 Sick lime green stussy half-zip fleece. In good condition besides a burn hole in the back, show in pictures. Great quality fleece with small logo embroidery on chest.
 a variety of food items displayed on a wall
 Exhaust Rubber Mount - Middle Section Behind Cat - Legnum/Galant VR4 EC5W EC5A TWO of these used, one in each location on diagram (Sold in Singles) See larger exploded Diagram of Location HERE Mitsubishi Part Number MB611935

- - - -

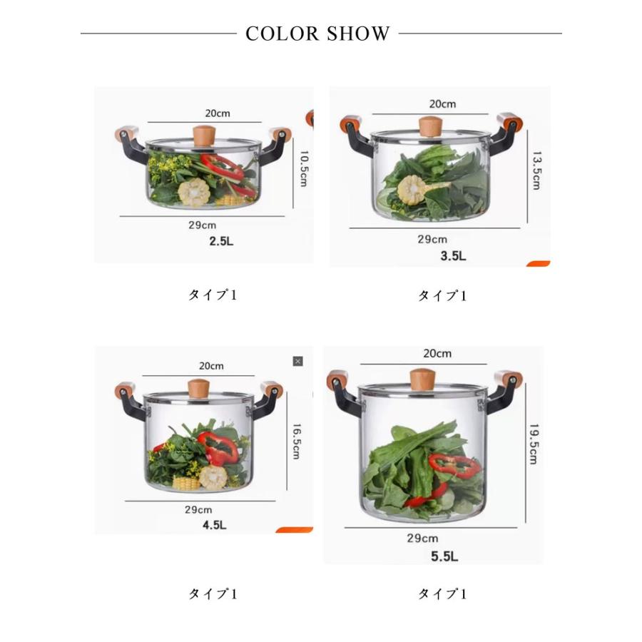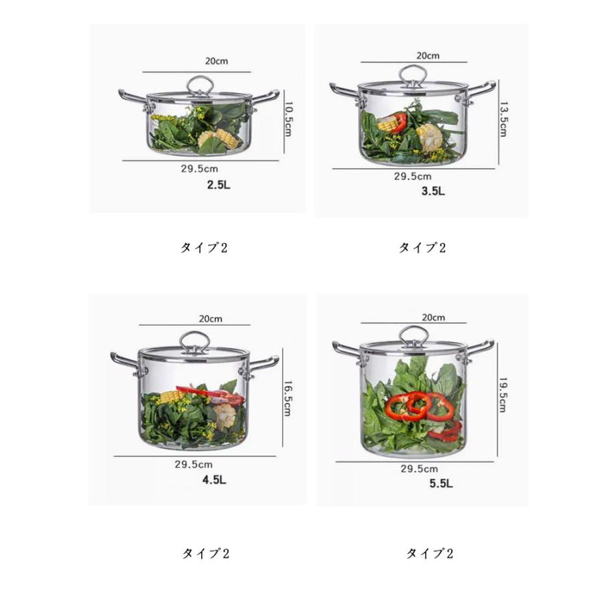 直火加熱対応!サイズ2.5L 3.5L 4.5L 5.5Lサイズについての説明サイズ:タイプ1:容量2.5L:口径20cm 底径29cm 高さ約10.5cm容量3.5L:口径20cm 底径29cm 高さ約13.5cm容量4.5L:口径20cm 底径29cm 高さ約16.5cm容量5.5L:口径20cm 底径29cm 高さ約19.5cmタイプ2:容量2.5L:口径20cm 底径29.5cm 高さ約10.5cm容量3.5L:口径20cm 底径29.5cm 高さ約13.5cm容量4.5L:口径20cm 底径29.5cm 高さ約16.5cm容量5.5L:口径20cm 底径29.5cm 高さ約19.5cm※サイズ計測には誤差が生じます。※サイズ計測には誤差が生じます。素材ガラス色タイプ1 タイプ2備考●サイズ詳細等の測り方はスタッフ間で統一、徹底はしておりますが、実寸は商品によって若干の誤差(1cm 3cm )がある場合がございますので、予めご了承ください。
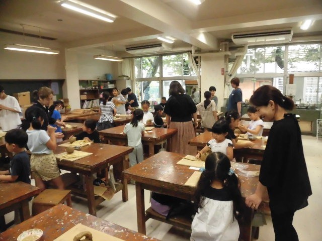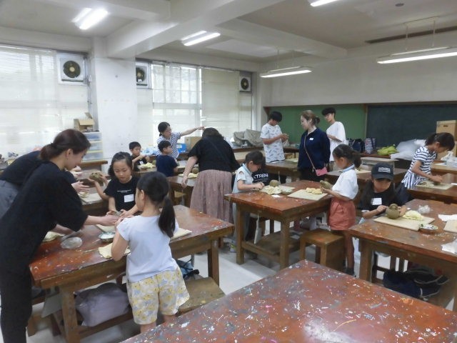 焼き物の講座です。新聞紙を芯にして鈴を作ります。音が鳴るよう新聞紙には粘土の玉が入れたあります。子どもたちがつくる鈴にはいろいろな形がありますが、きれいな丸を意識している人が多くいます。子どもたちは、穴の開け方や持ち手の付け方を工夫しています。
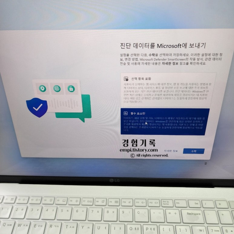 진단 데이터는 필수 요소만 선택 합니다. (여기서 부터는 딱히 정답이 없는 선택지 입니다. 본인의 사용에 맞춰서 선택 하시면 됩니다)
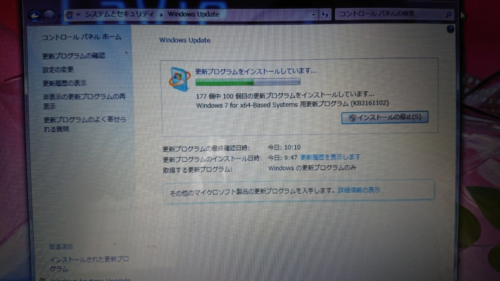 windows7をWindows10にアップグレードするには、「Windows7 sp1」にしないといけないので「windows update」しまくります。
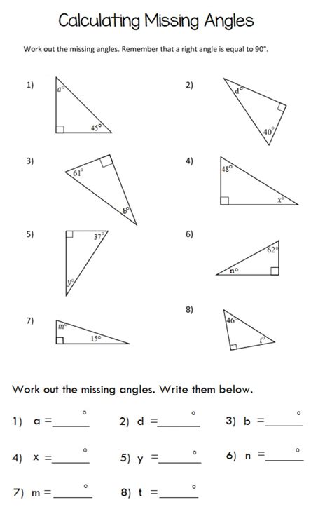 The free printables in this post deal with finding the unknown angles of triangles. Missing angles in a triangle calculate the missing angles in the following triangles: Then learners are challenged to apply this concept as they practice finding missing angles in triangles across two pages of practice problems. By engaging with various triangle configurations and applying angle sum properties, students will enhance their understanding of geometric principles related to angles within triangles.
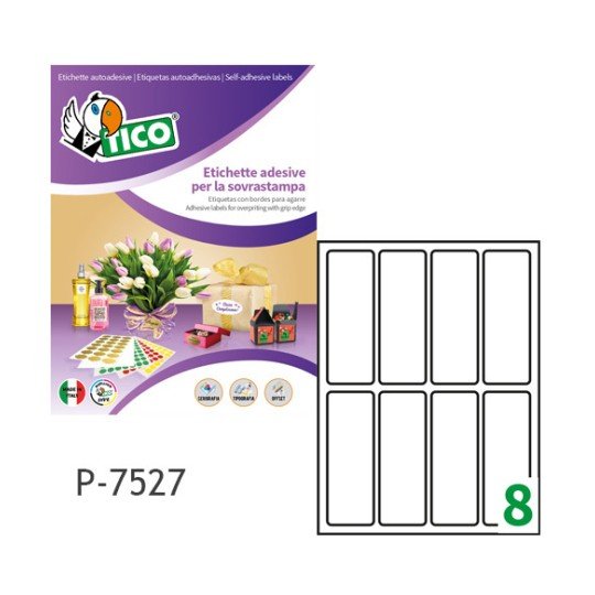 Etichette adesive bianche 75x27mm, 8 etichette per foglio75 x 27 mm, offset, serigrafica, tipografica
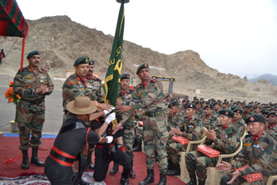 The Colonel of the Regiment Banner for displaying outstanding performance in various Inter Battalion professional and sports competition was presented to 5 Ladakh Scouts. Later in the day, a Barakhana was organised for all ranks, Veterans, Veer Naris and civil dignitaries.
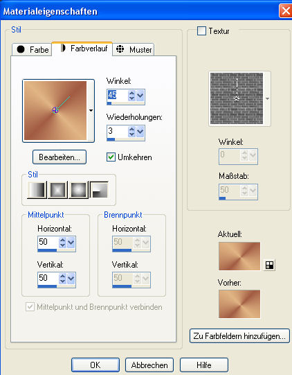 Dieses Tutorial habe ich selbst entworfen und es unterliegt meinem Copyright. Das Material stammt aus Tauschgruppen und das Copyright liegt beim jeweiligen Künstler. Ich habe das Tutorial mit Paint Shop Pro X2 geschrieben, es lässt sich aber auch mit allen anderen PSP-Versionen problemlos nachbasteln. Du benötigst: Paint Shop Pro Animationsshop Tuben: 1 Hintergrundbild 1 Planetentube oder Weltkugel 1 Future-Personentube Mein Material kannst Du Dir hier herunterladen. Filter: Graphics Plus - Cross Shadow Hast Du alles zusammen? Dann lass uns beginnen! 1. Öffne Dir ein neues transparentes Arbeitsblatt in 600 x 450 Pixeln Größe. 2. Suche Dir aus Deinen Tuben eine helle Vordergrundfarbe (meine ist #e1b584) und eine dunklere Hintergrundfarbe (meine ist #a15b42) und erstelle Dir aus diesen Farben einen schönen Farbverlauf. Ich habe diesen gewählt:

- - - -

- Aim of the exercise: Set down, exactly as they stand above, the lines starting with the line with "a variety of food items displayed on a wall" and going on through the line with "Exhaust Rubber Mount", and no others.

- Answer to the problem:
 a variety of food items displayed on a wall
 Exhaust Rubber Mount - Middle Section Behind Cat - Legnum/Galant VR4 EC5W EC5A TWO of these used, one in each location on diagram (Sold in Singles) See larger exploded Diagram of Location HERE Mitsubishi Part Number MB611935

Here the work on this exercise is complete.